Data extract Block Start
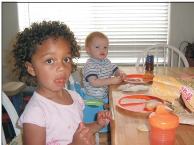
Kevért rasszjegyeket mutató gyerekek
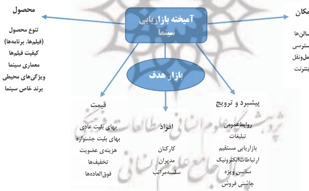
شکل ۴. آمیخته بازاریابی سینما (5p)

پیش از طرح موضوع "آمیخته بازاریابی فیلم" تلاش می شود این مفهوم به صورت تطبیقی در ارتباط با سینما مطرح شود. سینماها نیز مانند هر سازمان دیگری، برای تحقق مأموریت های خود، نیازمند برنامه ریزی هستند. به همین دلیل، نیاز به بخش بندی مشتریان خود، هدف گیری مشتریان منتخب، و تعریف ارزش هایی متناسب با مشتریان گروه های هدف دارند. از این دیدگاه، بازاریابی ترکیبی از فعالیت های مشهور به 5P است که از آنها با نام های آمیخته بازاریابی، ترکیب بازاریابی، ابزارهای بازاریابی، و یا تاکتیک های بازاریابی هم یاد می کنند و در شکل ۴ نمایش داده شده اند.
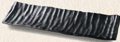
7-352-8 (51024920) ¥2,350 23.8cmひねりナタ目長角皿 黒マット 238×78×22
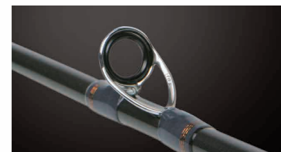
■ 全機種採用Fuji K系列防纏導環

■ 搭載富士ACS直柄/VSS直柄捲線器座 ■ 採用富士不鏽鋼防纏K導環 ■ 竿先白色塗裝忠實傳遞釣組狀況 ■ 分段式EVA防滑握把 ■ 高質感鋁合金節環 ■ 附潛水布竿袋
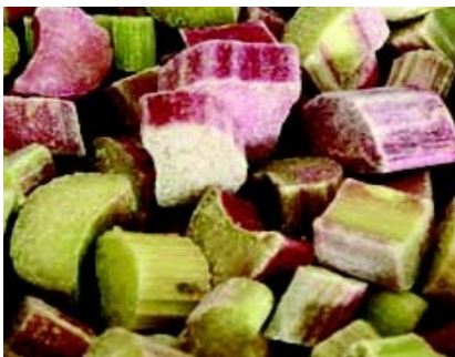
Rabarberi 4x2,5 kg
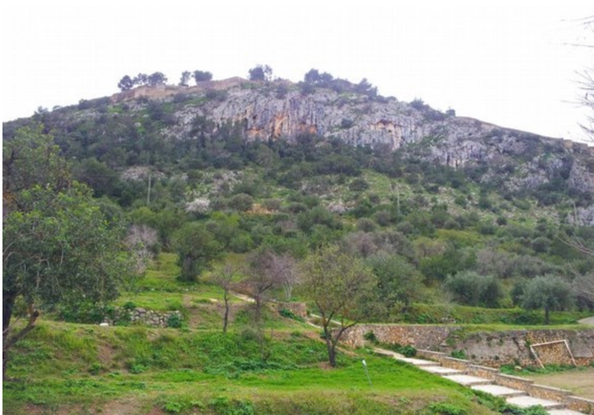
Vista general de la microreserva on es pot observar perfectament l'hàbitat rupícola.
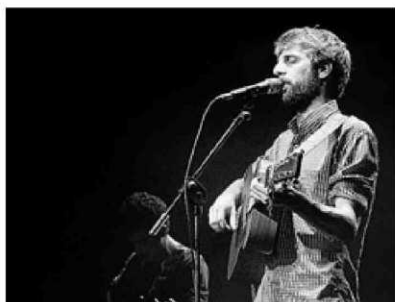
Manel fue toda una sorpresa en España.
Data extract Block End
◆ What the exercise asks
Using the entries above, transcribe every line from the line containing "شکل ۴. آمیخته بازاریابی سینما (5p)" through the line containing "Rabarberi 4x2,5 kg". Do not copy pictures.

◆ Output
شکل ۴. آمیخته بازاریابی سینما (5p)

پیش از طرح موضوع "آمیخته بازاریابی فیلم" تلاش می شود این مفهوم به صورت تطبیقی در ارتباط با سینما مطرح شود. سینماها نیز مانند هر سازمان دیگری، برای تحقق مأموریت های خود، نیازمند برنامه ریزی هستند. به همین دلیل، نیاز به بخش بندی مشتریان خود، هدف گیری مشتریان منتخب، و تعریف ارزش هایی متناسب با مشتریان گروه های هدف دارند. از این دیدگاه، بازاریابی ترکیبی از فعالیت های مشهور به 5P است که از آنها با نام های آمیخته بازاریابی، ترکیب بازاریابی، ابزارهای بازاریابی، و یا تاکتیک های بازاریابی هم یاد می کنند و در شکل ۴ نمایش داده شده اند.
7-352-8 (51024920) ¥2,350 23.8cmひねりナタ目長角皿 黒マット 238×78×22
■ 全機種採用Fuji K系列防纏導環

■ 搭載富士ACS直柄/VSS直柄捲線器座 ■ 採用富士不鏽鋼防纏K導環 ■ 竿先白色塗裝忠實傳遞釣組狀況 ■ 分段式EVA防滑握把 ■ 高質感鋁合金節環 ■ 附潛水布竿袋
Rabarberi 4x2,5 kg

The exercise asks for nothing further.